**TASK DESCRIPTION**
Omit any pictures, and restate word for word only the lines from the one with "Yyvonne Red British" through the end of the data below.

**SUPPLIED DATA**
Content starts

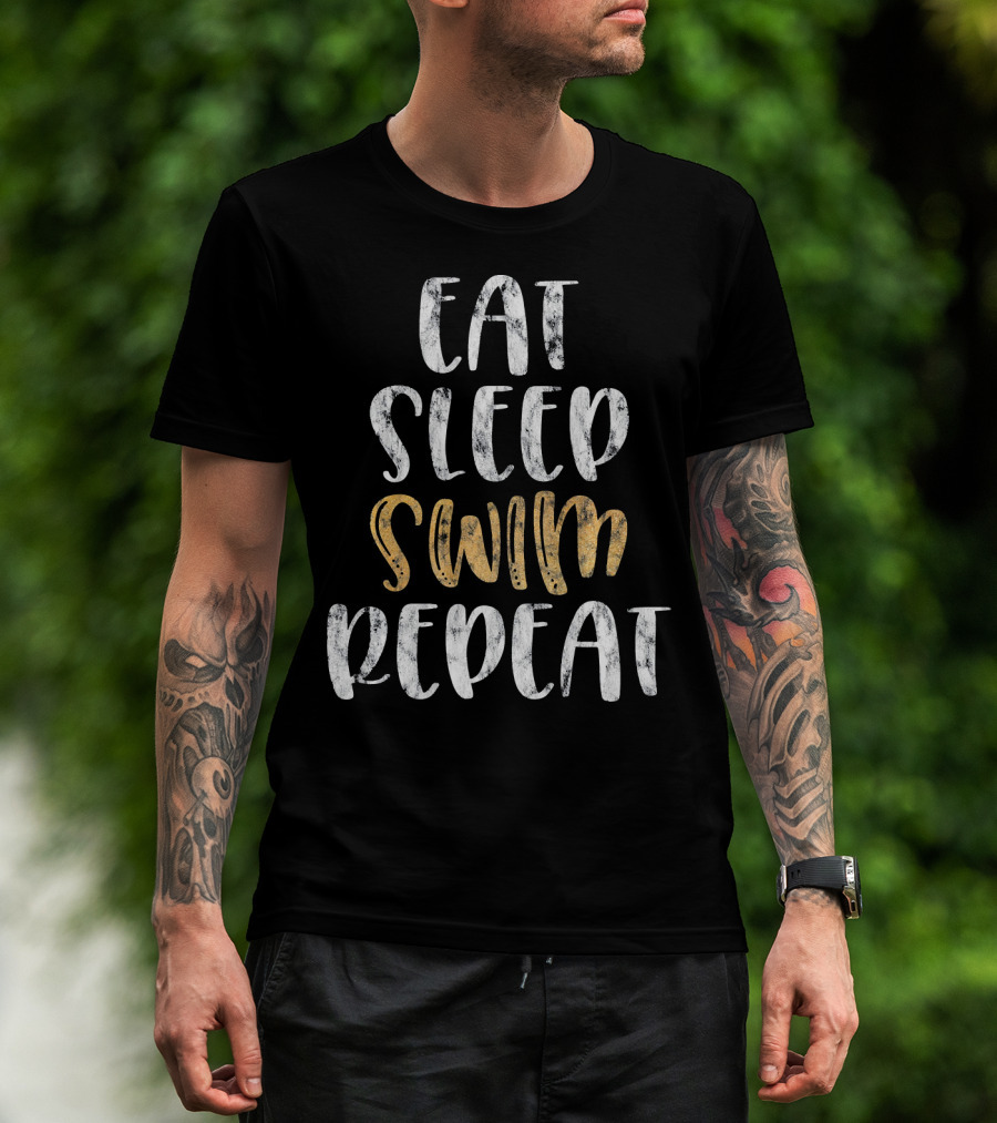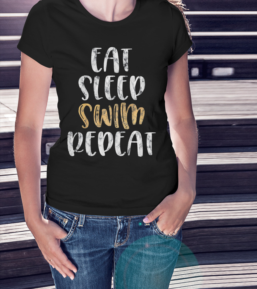 The Eat Sleep Swim Repeat T-shirt is designed for everyday wear and a consistent fit. Fabric is pre-shrunk ring-spun cotton with durable stitching. See the size chart below for exact measurements.
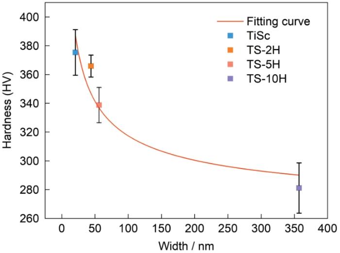 图2给出了不同Hf元素含量TiSc合金的微观结构。可以看出,在TEM-BF像中Ti和Sc两相的衬度与扫描电镜背散射电子成像结果不同:α-Ti呈现黑色,而α-Sc呈现灰白色(图2中箭头所示)。从Ti片层宽度的统计图(图3)可见,随着Hf含量的提高TiSc合金中Ti片层(Sc片层与Ti片层宽度接近)的宽度显著增大。未掺杂Hf元素的Ti片层(图2a)的平均宽度为20.50 nm,TS-2H试样(图2b)中Ti片层的平均宽度为44.02 nm。Hf含量提高到5%,Ti片层的平均宽度增大到56.11 nm (图2c);Hf含量为10%时网格状Ti组织的平均宽度显著增大到357.03 nm (图2d),且Ti组织宽度的分布范围较广。
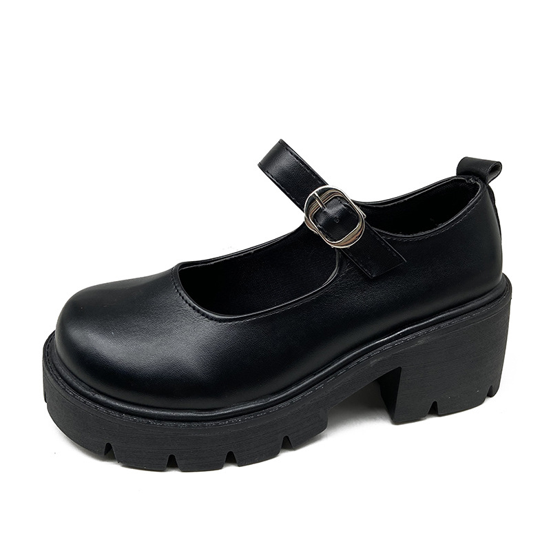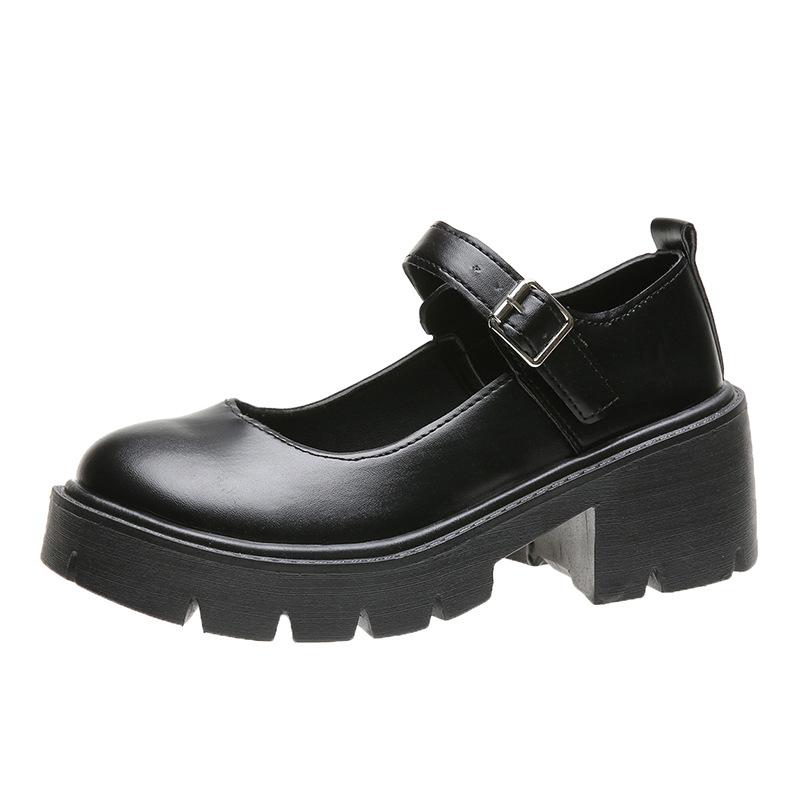 Yyvonne Red British Small Leather Shoes Women Thick-Soled Mary Treasure Shoes Buckle High Heel Single Shoes Lolita Students JK Uniform Shoes
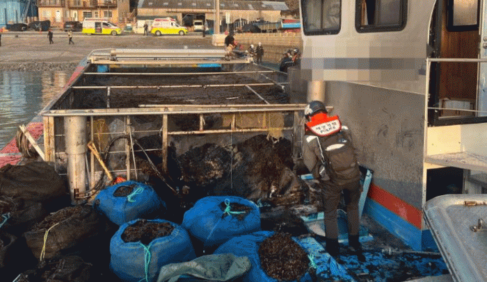 이후 인근 어선들의 협조로 불길을 잡고 연기가 나는 상태로 예인되어 수품항으로 입항 중, 갑판에 적재 해놓은 김이 기관실로 내려앉아 완전 진화 된 것으로 전해졌다.

Content ends

**REPLY**
 Yyvonne Red British Small Leather Shoes Women Thick-Soled Mary Treasure Shoes Buckle High Heel Single Shoes Lolita Students JK Uniform Shoes
 이후 인근 어선들의 협조로 불길을 잡고 연기가 나는 상태로 예인되어 수품항으로 입항 중, 갑판에 적재 해놓은 김이 기관실로 내려앉아 완전 진화 된 것으로 전해졌다.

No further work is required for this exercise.